On Sunday, 24 March 2013 at 09:36:34 UTC, Jonathan M Davis wrote:
On Sunday, March 24, 2013 09:42:28 deadalnix wrote:
For instance, passing a range by value is unspecified.

And it never will be specified, because it's range-dependent and can't ever be anything but range-dependent. That's why save was introduced in the first place. If you want to guarantee that a range is consumed, you make sure that the range-based function that you're passing the range to takes it by ref. If you want to guarantee that it's not consumed, then you call save and pass its result to the range-based function. Beyond that, you have to write your code in a way in which it doesn't matter whether the range is consumed or not when it's passed to a function, because that depends on the type of the range.

There's literally no technical way to avoid this except for

1. Require that all range-based functions take ranges by ref, which is not only unenforceable but would kill function chaining, which is one of the great
strengths of ranges.

2. Require that all ranges be reference types, which again, is not enforceable, but also wouldn't work with ranges, because they're always sliced when you pass them to a function (and you couldn't require that all ranges be value types, because pure input ranges can never be value types).

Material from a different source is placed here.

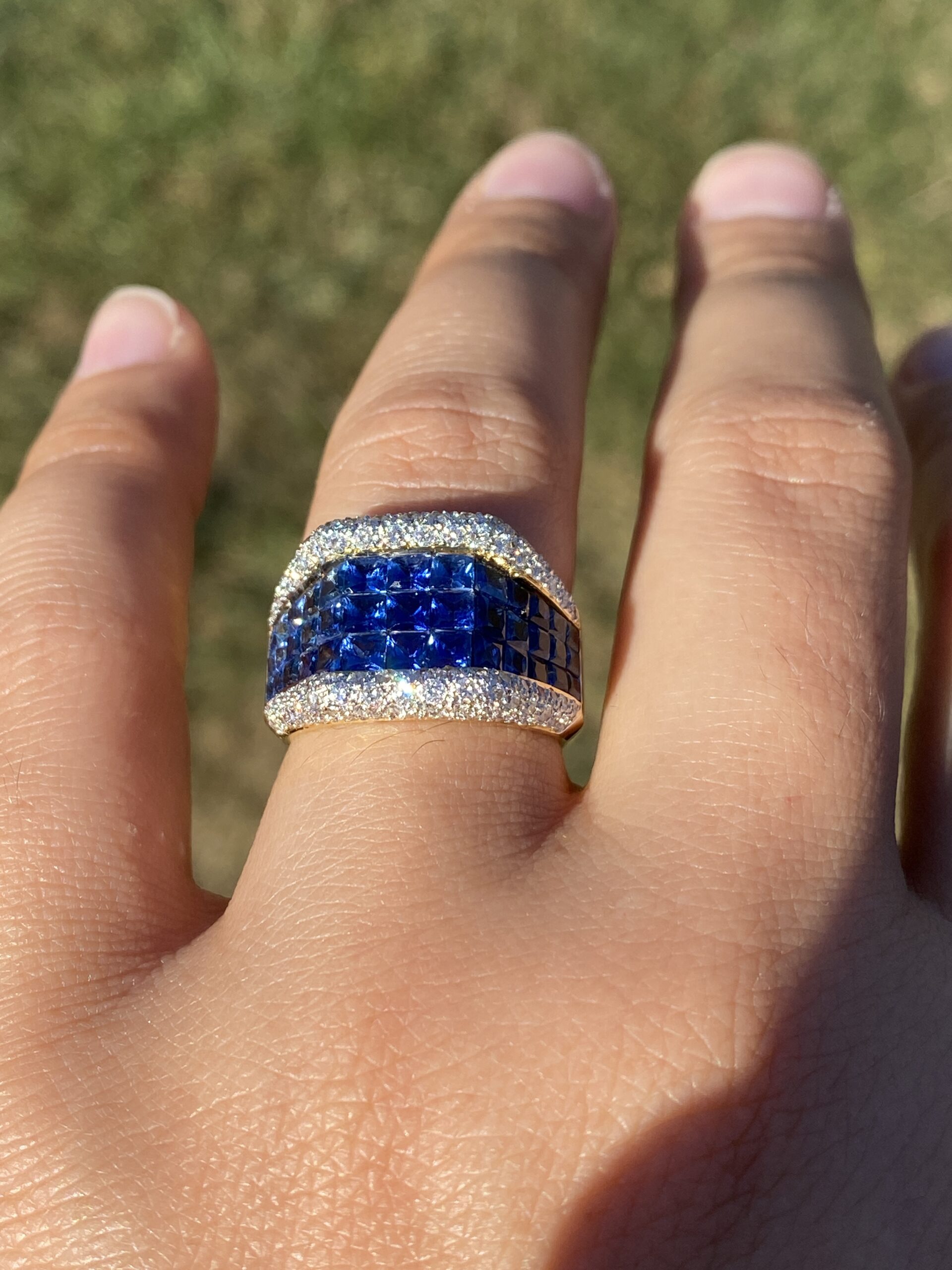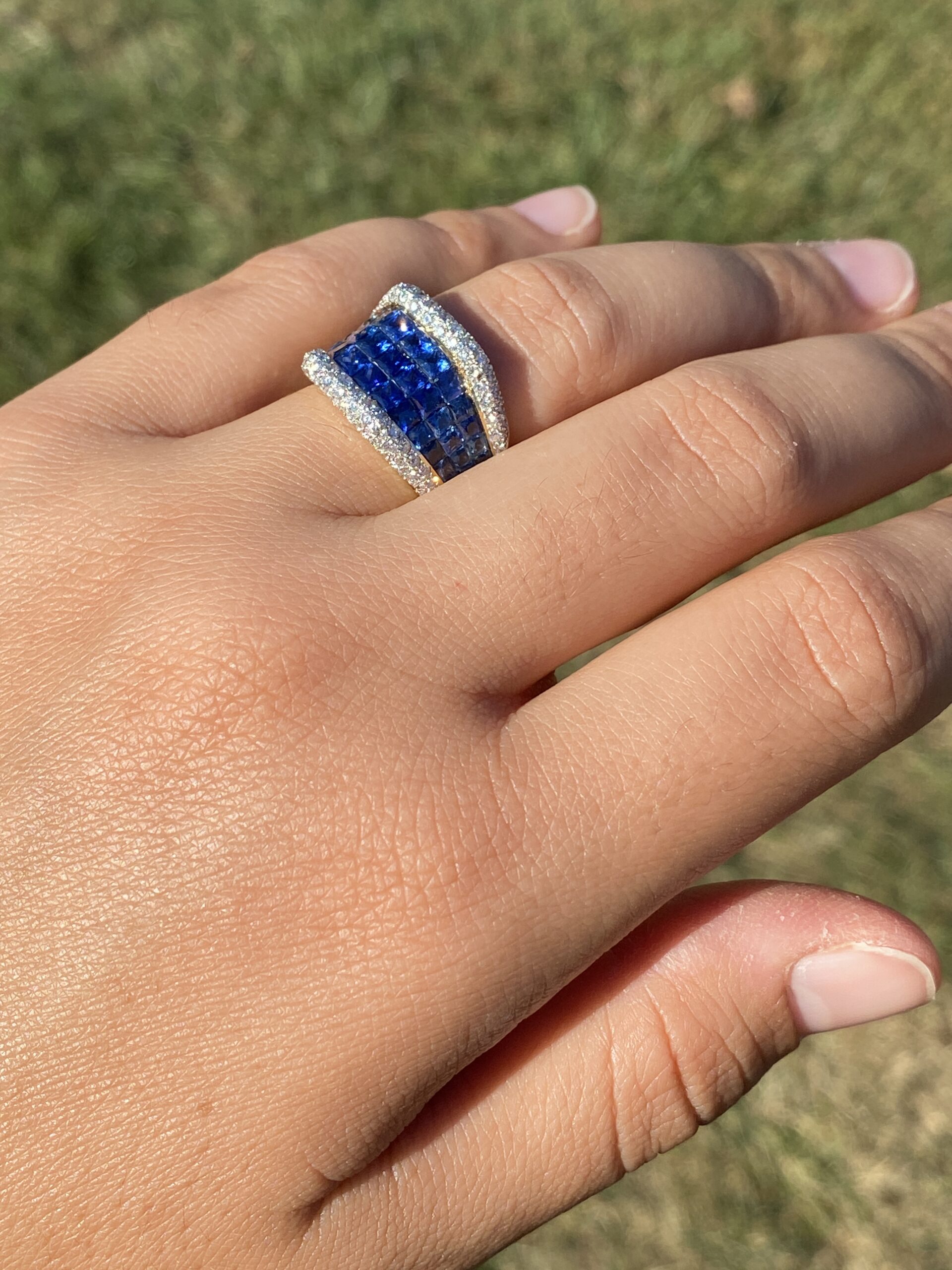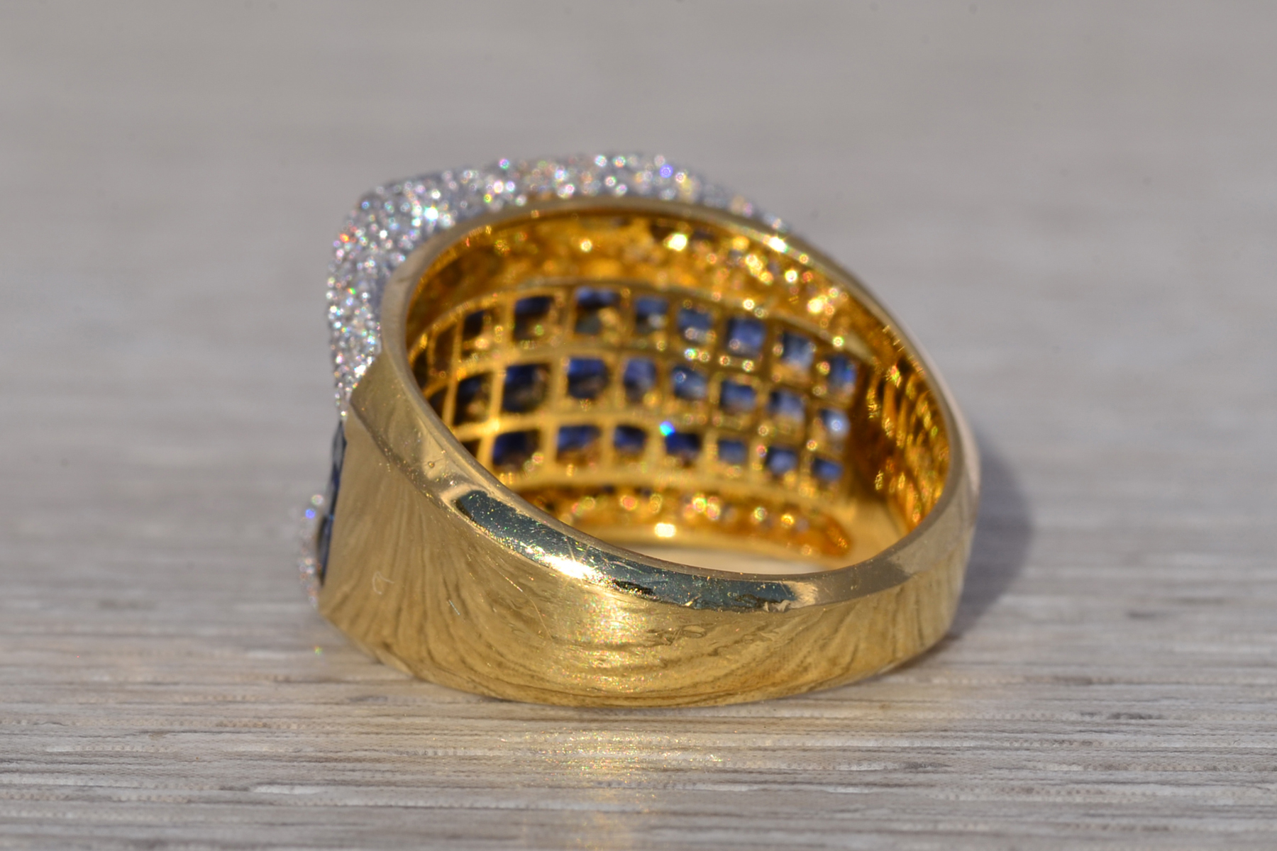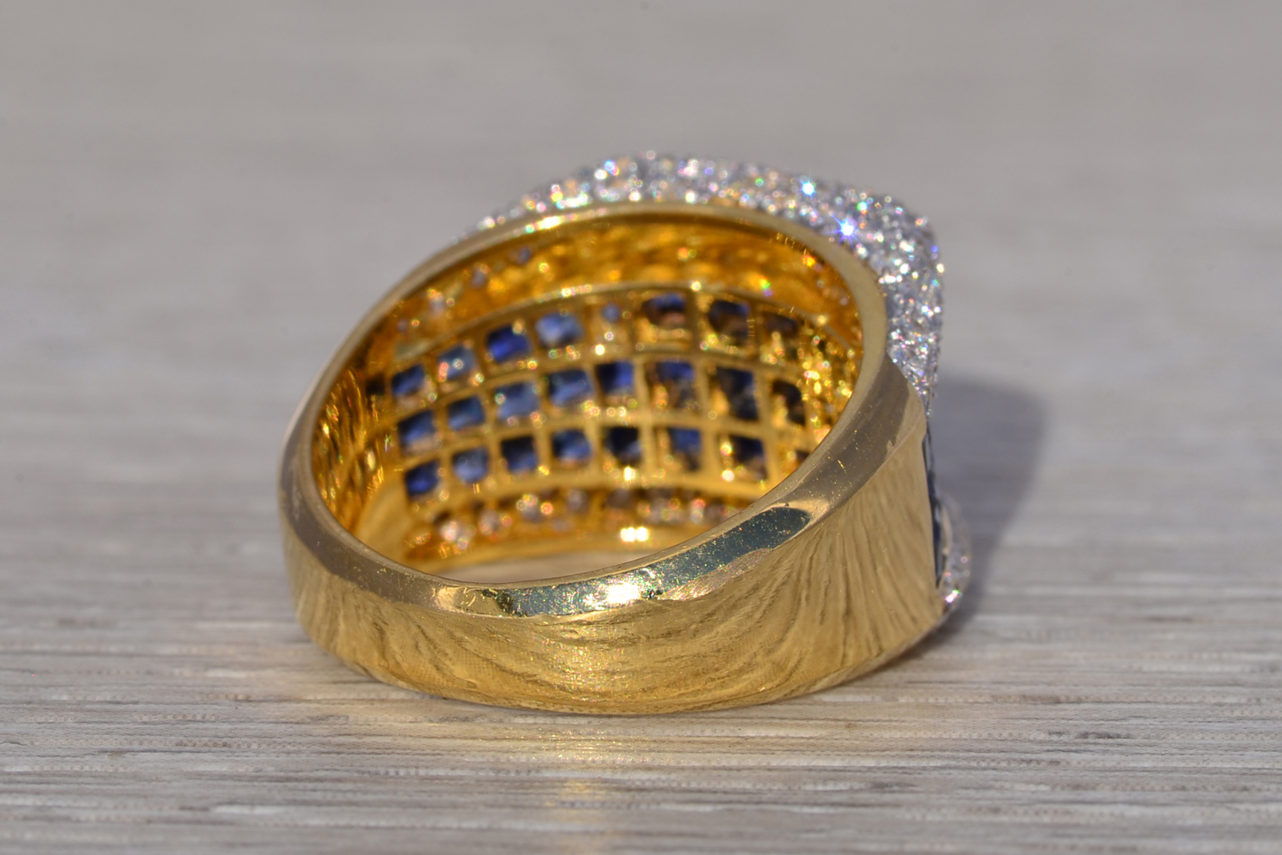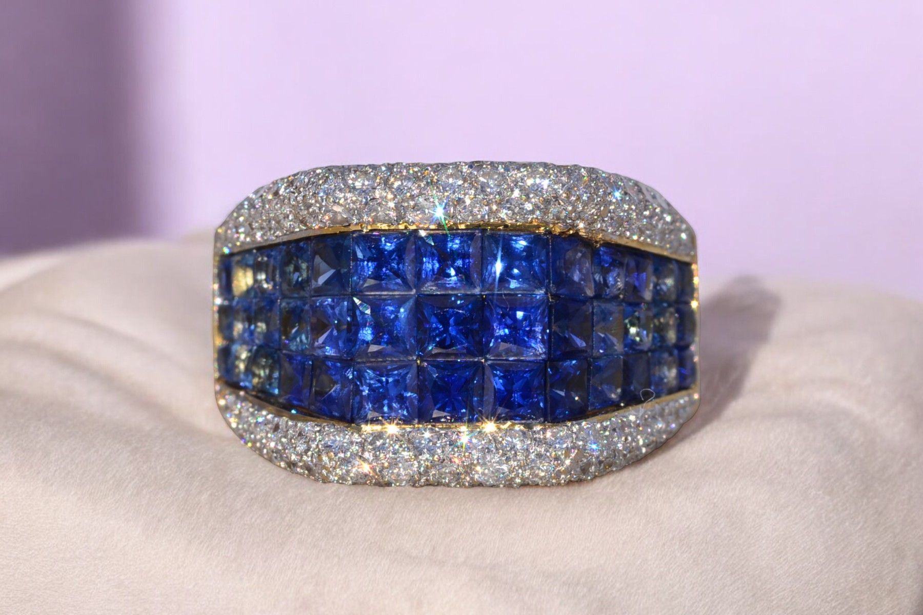 This stunning piece, known as The Sapphire Vanguard, features a bold, architectural composition centered with richly colored sapphires totaling approximately 1.80 carats. The sapphires are arranged in a structured, multi-row formation across the face of the ring, presenting a deep, saturated blue that anchors the design with strength and visual depth. Framing the sapphires above and below are rows of round brilliant cut natural diamonds totaling approximately 0.60 carats, adding contrast, brilliance, and refinement to the substantial silhouette. The ring is crafted in 18 karat yellow gold and is currently a finger size 6.5 yet can be adjusted to any finger size for an additional charge upon request, ensuring a perfect fit.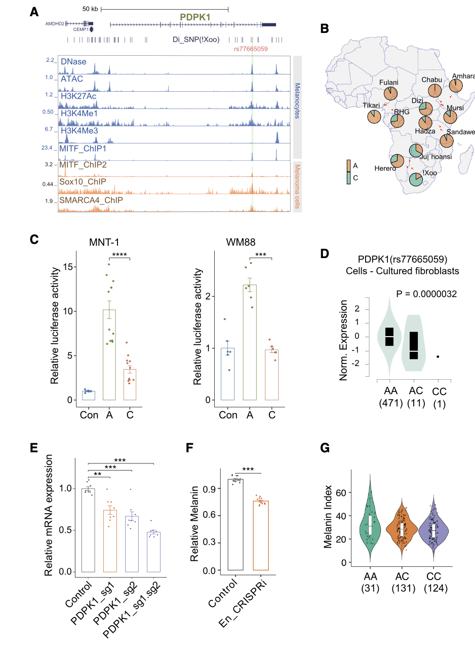 利用功能基因组学等方法,本研究发现一个位于PDPK1基因内部增强子的突变rs77665059-C,是影响桑人浅肤色的一个决定性的因素。该增强子仅在黑色素细胞中特异活跃,使用Crispri沉默该增强子会降低PDPK1基因的表达量和黑色素和合成。研究进一步发现rs77665059-C在桑人部分人群中频率超过了80%;但是在其它非洲(平均频率14%)和非洲外民族中(平均频率3%)频率却非常低。研究发现rs77665059-C突变会导致PDPK1基因增强子在黑色素瘤细胞系中活性降低,降低PDPK1基因的表达,并且与桑人中的浅肤色表型显著相关,这为桑人浅肤色进化的研究提出了新的遗传学解释。

So, we're stuck. Sure, the fact that whether a range is consumed or not when passed to a function is effectively undefined is troublesome, but there's really
no way around it.


Sure we are stuck, because fixing this would require a refinement of the range concept, and it is kind of too late for that.

But you say that this inherently impossible without actually providing anything convincing in that direction. I don't think it is, I just think that as usual as hoc solutions are conglomerated in what is now ranges.